SORIATANE PRODUCT LINE OF HOFFMANN-LA ROCHE INC.
NOTES TO FINANCIAL STATEMENTS

         amounts of assets and liabilities, disclosure of contingent assets and
         liabilities at the date of the financial statements, and the reported
         amounts of revenue and expenses during the reporting period. Actual
         results could differ from those estimates.

3.       CONCENTRATION OF CREDIT

         There were three customers individually accounting for more than 15% of
         Soriatane's net revenues in the periods presented. In the aggregate,
         these customers accounted for greater than 67% of total net revenues
         for all of the periods presented.
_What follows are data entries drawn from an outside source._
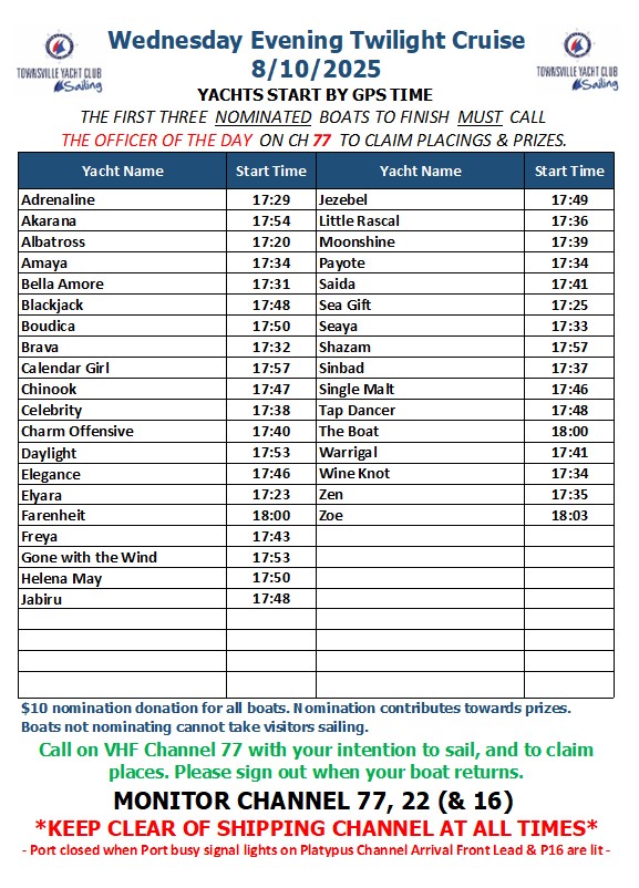 Skippers of boats nominating can view their starting times here - > TWILIGHT SAILING START TIMES - WEDNESDAY 8TH OCTOBER 2025
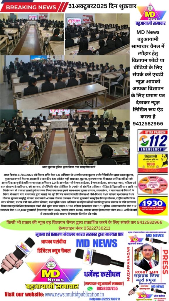आज दिनांक 31/10/2025 को मिशन शक्ति फेस 5.0 अभियान के अंतर्गत थाना बुढ़ाना एन्टी रोमियों टीम द्वारा कस्वा बुढ़ाना, मुजफ्फरनगर में मैपल्स अकादमी व राजकीय इंटर कॉलेज गड़ी सखावत, बुढ़ाना, मुजफ्फरनगर में बालक वालिकाओं को नये अपराधिक कानूनों के प्रति जागरुकता अभियान 2.0 के अन्तर्गतः- जीरो एफआईआर, ई-एफआईआर, समयबद्ध न्याय, महिला एवं बाल संरक्षण के प्राविधान, नये अपराध, प्रोधौगिकी और फोरेंसिक के उपयोग से संबधित प्राविधान पीड़ित केन्द्रित प्राविधान आदि पर विशेष रूप से प्रकाश डालते हुये जागरुक किया गया तथा इसके साथ-साथ सुरक्षा सम्मान, स्वावलंबन, व यातायात के नियमों के विषय में बताया गया व सरकार द्वारा चलाई जा रहीं विभिन्न कल्याणकारी योजनाओं जैसे-विधवा पेंशन योजना वृध्दावस्था पेंशन योजना सुकन्या समृद्धि योजना प्रधानमंत्री आवास योजना उज्ज्वल योजना मुख्यमंत्री सामूहिक विवाह योजना, राष्ट्रीय पारिवारिक लाभ योजना, प्रधान मंत्री जन अरोग्य योजना, नशा मुक्ति भारत अभियान व महिलाओं को उनकी सुरक्षा व सम्मान के प्रति जागरूक किया गया एवं विभिन्न हेल्पलाइन नंबरों जैसे चूमेन पावर लाइन-1090 महिला हेल्पलाइन नंबर 181 पुलिस आपातकालीन सेवा 112 स्वास्थय सेवा-102,108 मुख्यमंत्री हेल्पलाइन नंवर 1076, चाइल्ड लाइन 1098, साइबर क्राइम हेल्प लाइन नंबर-1930 आदि के बारे में जानकारी इनके सम्बन्ध में पंम्पलेट वितरित की गयी।
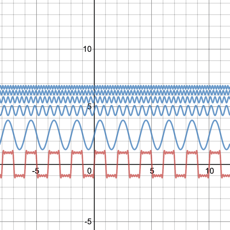 下边是周期性的占空比为50%的方波的谐波合成的desmos演示
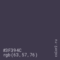 Цвет #3F394C в цветовой модели RGB обозначается тремя октетами (63, 57, 76) в десятичном формате и #3F394C в шестнадцатиричном (hex) формате, которые являются интенсивностью красного 63 (hex 3F), интенсивность зелёного 57 (hex 39) и интенсивность синего 76 (hex 4C).
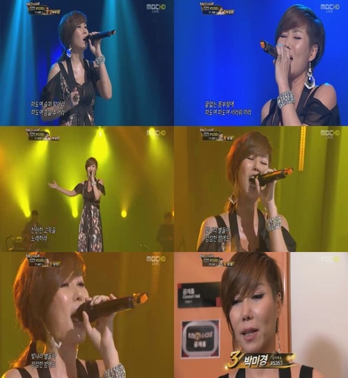 가수 박미경이 눈물을 쏟아내는 열정적인 무대를 선보였다.
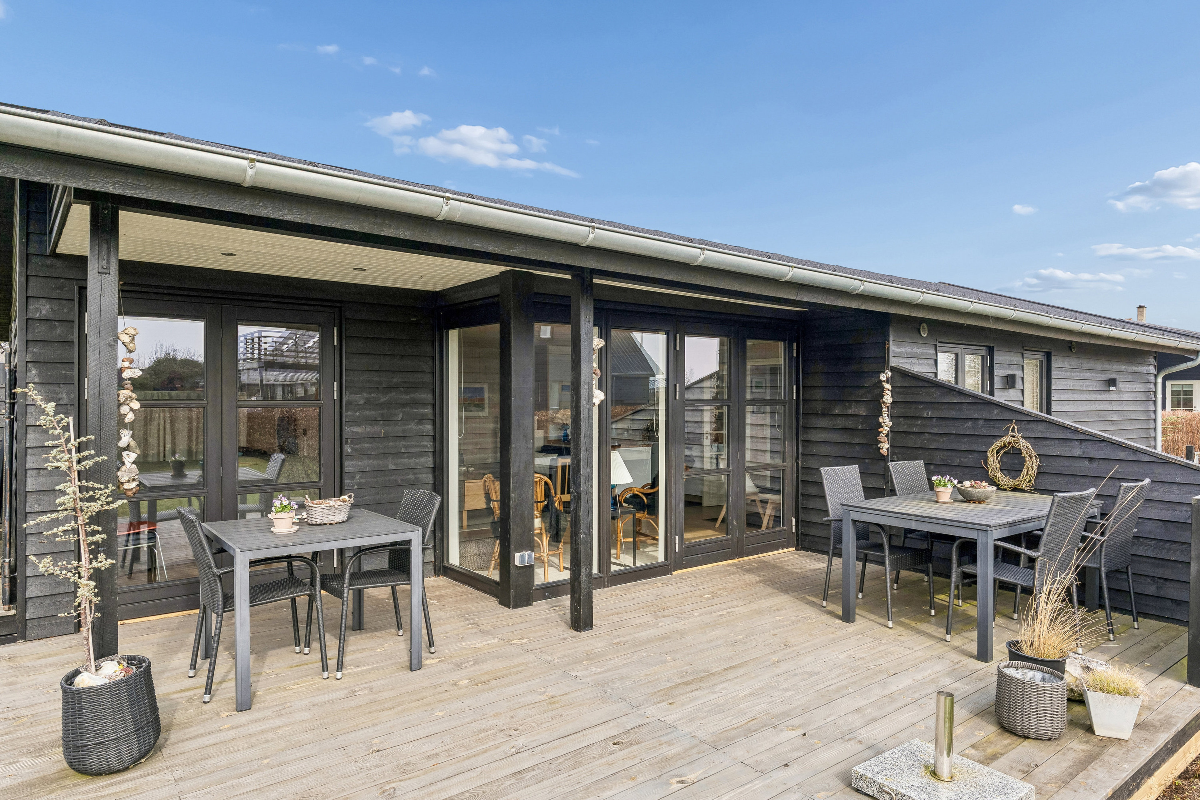 Udvendigt fremstår ejendommen med et stilrent og eksklusivt udtryk, hvor de sorte termovinduer og den store mørke træterrasse smukt omkranser boligen og skaber flere hyggelige opholdsrum under åben himmel.

4.       RESTRUCTURING CHARGES

         In November 2003, the Company announced details of its restructuring
         plan involving the Dermatology division. Total restructuring costs for
         the Dermatology division amounted to $2.2 million, of which $2.1
         million related to severance costs for the approximately 50 employees
         that were impacted. These costs were allocated to the Soriatane product
         line on the same basis as the direct field force allocation discussed
         in Note 2. The majority of these costs were paid out in December 2003.